Ca va bientôt faire deux ans que votre serviteur est tombé sous le charme de la ptite canadienne Ellen Page. C’est vrai, il faut le reconnaître, X-Men 3 n’était pas un chef d’oeuvre. Mais, subsistant au milieu des faciès grimés ou pas assez -des fois le maquilage masque l’incompétence-, cette petite Kitty Pryde n’avait vraisemblablement rien à foutre là.

Depuis Arte a eu la bonne idée de diffuser l’excellente série ReGenesis (antérieure à X3), histoire de nous conforter dans notre opinion. Et voilà donc qu’elle débarque dans le rôle de Juno, adolescente de 16 ans comme toutes les gamines de son âge, curieuse, un peu vacharde et gentiment paumée. Et surprise ! Elle tombe enceinte d’un gamin du voisinage, grand athlète maigrelet incarné par Georges Michael Bluth, pardon Michael Cera. Juno décide de trouver les futurs parents adoptifs de son bébé. Elle tombe sur une annonce dans le canard local de Mark et Vanessa Longis (Jason « Michael Bluth » Bateman et Jennifer Garner). Le reste à vous de le découvrir.

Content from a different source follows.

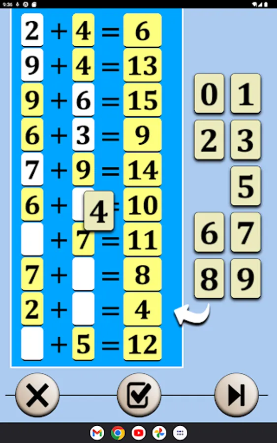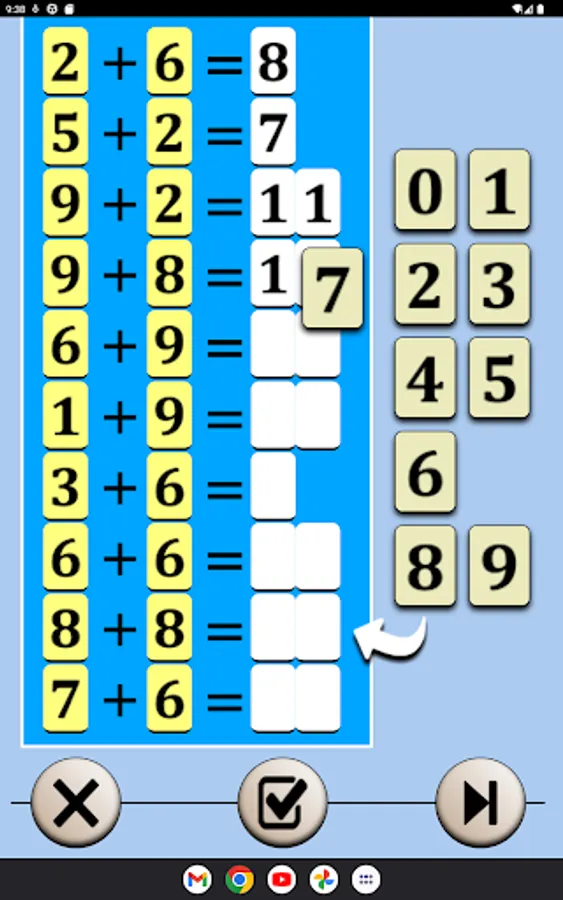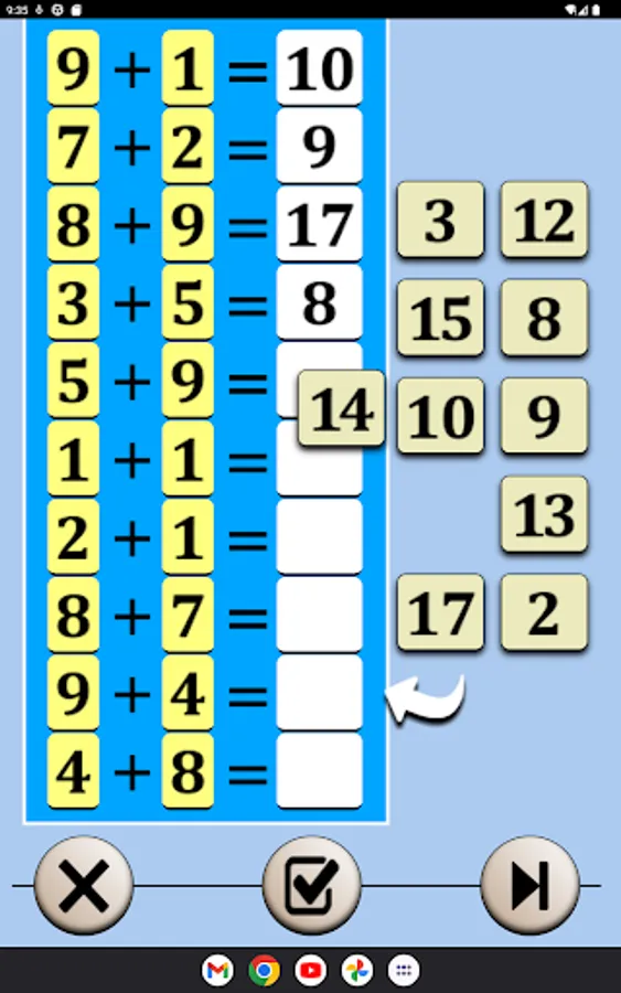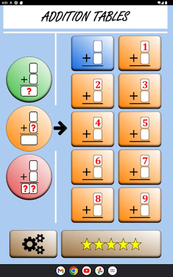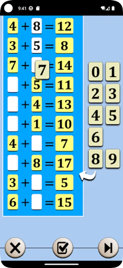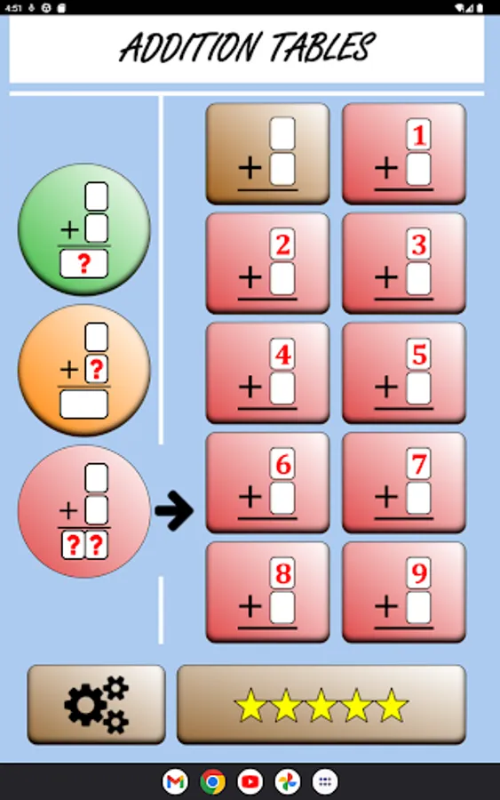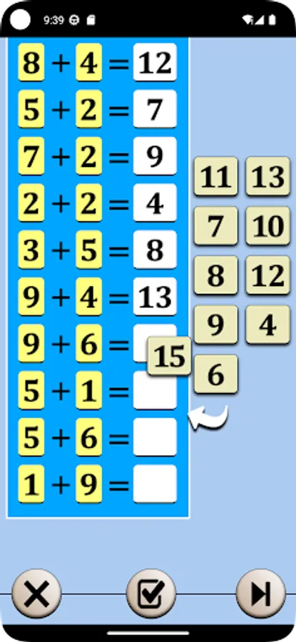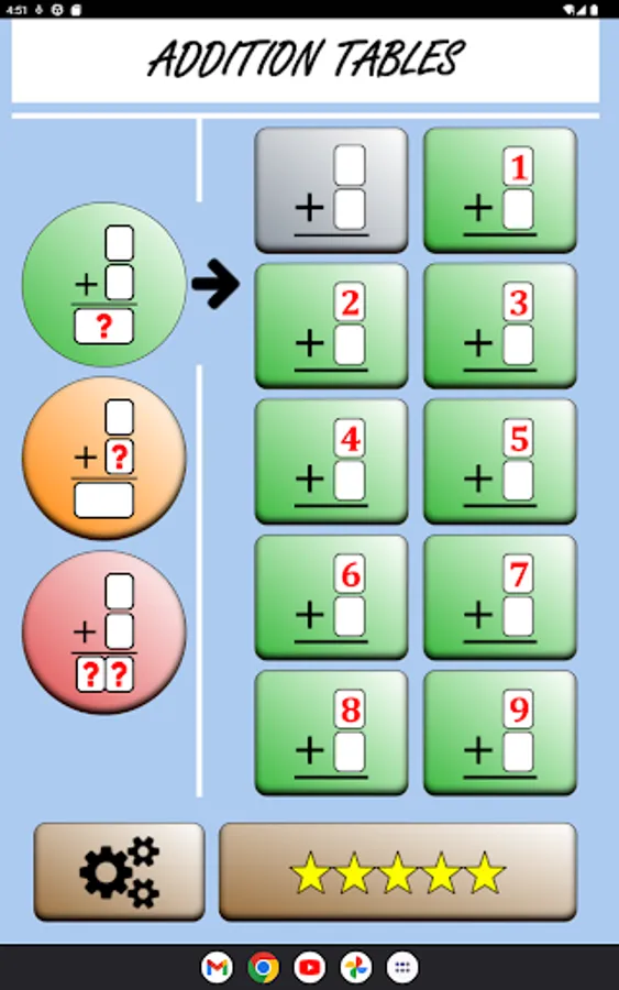 Easy and playful, the "Addition tables" application uses drag and drop for learning addition tables. The application consists of three types of quick activities:
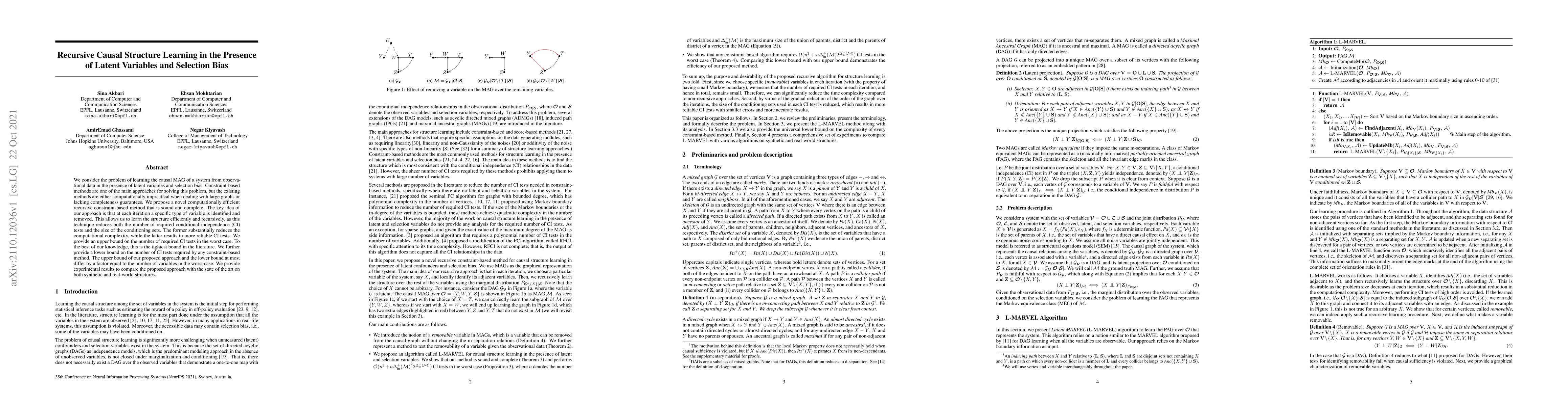 We consider the problem of learning the causal MAG of a system from observational data in the presence of latent variables and selection bias. Constraint-based methods are one of the main approaches for solving this problem, but the existing methods are either computationally impractical when dealing with large graphs or lacking completeness guarantees. We propose a novel computationally efficient recursive constraint-based method that is sound and complete. The key idea of our approach is that at each iteration a specific type of variable is identified and removed. This allows us to learn the structure efficiently and recursively, as this technique reduces both the number of required conditional independence (CI) tests and the size of the conditioning sets. The former substantially reduces the computational complexity, while the latter results in more reliable CI tests. We provide an upper bound on the number of required CI tests in the worst case. To the best of our knowledge, this is the tightest bound in the literature. We further provide a lower bound on the number of CI tests required by any constraint-based method. The upper bound of our proposed approach and the lower bound at most differ by a factor equal to the number of variables in the worst case. We provide experimental results to compare the proposed approach with the state of the art on both synthetic and real-world structures.

Si beaucoup cite Little Miss Sunshine en référence, il ne faut pas pousser Mémé dans les orties, surtout quand elle n’a pas de culotte. Juno est un très très très joli flim, mais n’atteint pas la perfection de LMS.
Jason Reitman, toujours fils du vénéré Ivan, toujours réalisateur de Thank You for smoking porte à l’écran un script de Diablo Cody, ancienne stripteaseuse, mais ça on s’en fout. La réal’ est sobre, le ton est doux-amer sous couvert de pas mal d’humour.

Fort bien écrit, le rôle de Juno est un cadeau fait à Ellen Page, qui révèle (enfin) tout son talent au monde entier. Crédible, parfois touchante, parfois irritante, la petite canadienne bénéficie d’un rôle à sa pleine mesure, loin des rôles d’ado stéréotypés, tant Juno fait tout à l’envers.

Et on a plaisir à retrouver les Bluth. Jason Bateman est excellent. Peut-être le véritable pendant masculin de Juno avec quelques années de plus, que le contact de la gamine va libérer. Michael Cera, n’a finalement pas tant de scènes que ça mais sa bonne bouille et son regard de cocker sont toujours aussi fameux. Autres seconds rôles de classe: les parents de Juno sont incarnés par JK Simmons (Schillinger dans Oz, et patron de firme dans Thank you…) et Allison Janey (Claudia dans the West Wing).

Voilà un très très très joli flim (je radote), qui parvient à éviter le gnan gnan et les clichés propres au genre. Tantôt touchant, souvent drôle (vous ne rirez pas aux larmes non plus), s’appuyant sur une BO de très bon goût, Juno vous est plus que vivement recommandé si vous souhaitez passer un très bon petit moment de cinéma pas prise de tête.